** TASK REQUIREMENTS **
Please write out only the lines from the line with "Repaired vintage Levi’s" to the line with "GLITTER BOMB BROWN SEQUIN BLOUSE", inclusive, exactly as they stand below, without the pictures.

** DATA SUPPLIED **
● ● ●
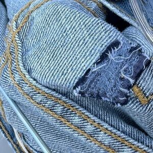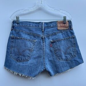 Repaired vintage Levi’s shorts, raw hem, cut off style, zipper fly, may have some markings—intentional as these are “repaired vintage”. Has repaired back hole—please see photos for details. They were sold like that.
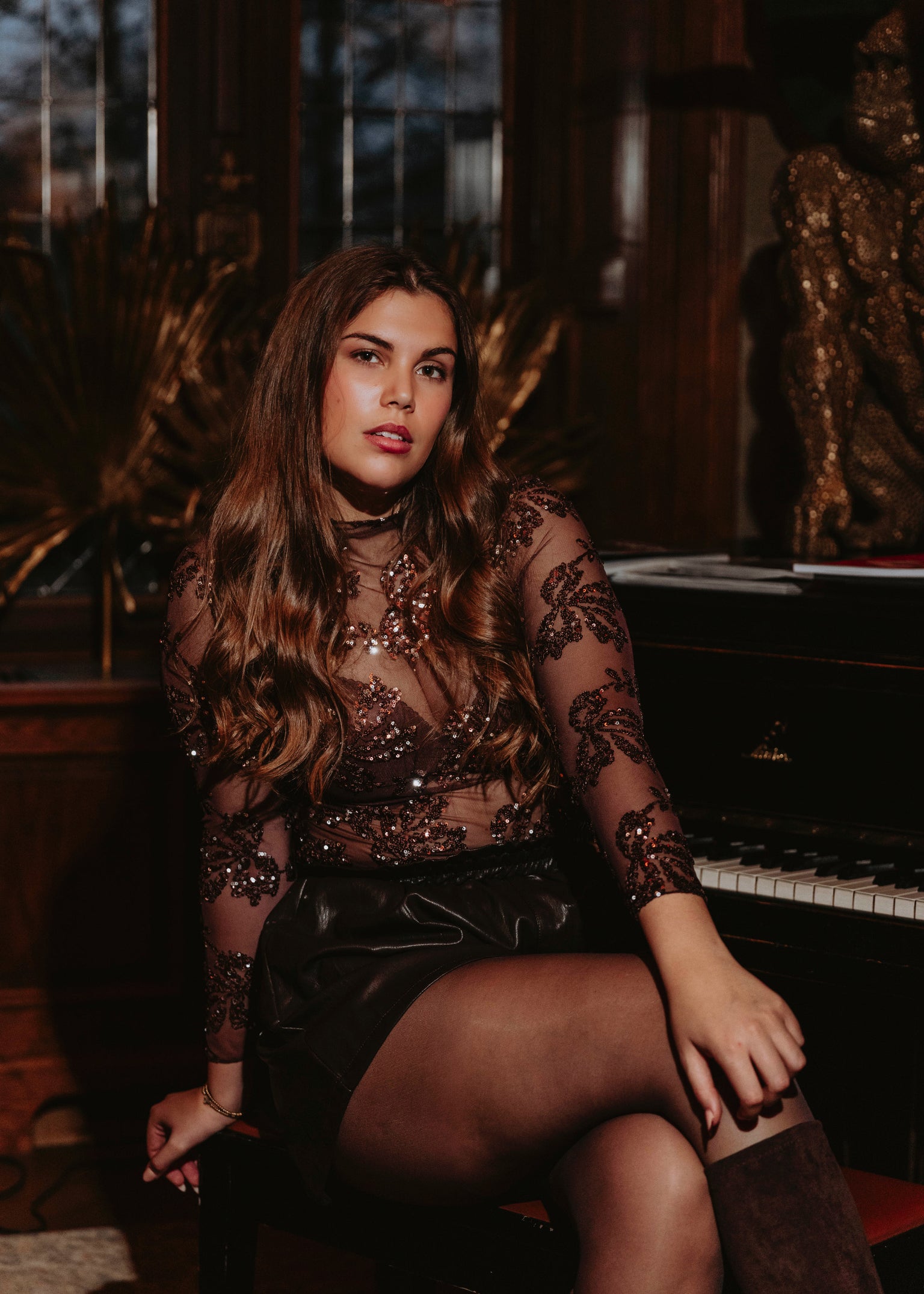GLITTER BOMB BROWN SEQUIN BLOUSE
● ● ●
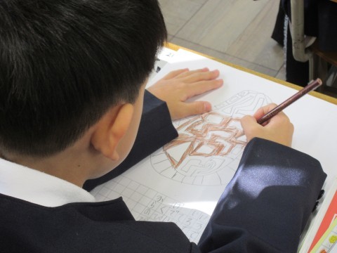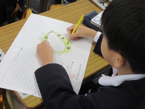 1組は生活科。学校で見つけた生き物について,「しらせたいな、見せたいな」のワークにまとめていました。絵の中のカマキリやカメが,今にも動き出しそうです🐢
● ● ●
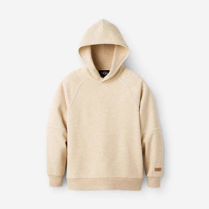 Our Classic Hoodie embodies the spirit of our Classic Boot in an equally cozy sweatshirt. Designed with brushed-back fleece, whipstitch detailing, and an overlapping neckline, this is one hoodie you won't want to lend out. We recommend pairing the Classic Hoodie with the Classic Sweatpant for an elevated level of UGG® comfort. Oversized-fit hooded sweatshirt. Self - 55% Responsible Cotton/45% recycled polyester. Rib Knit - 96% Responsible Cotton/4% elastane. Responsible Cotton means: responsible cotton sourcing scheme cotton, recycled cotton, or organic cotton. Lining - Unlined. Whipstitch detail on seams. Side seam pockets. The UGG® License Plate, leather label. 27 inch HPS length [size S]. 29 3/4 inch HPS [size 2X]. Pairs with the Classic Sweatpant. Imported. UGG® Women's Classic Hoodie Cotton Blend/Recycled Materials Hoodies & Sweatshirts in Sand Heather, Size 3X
● ● ●
** ANSWER TO THIS EXERCISE **
 Repaired vintage Levi’s shorts, raw hem, cut off style, zipper fly, may have some markings—intentional as these are “repaired vintage”. Has repaired back hole—please see photos for details. They were sold like that.
GLITTER BOMB BROWN SEQUIN BLOUSE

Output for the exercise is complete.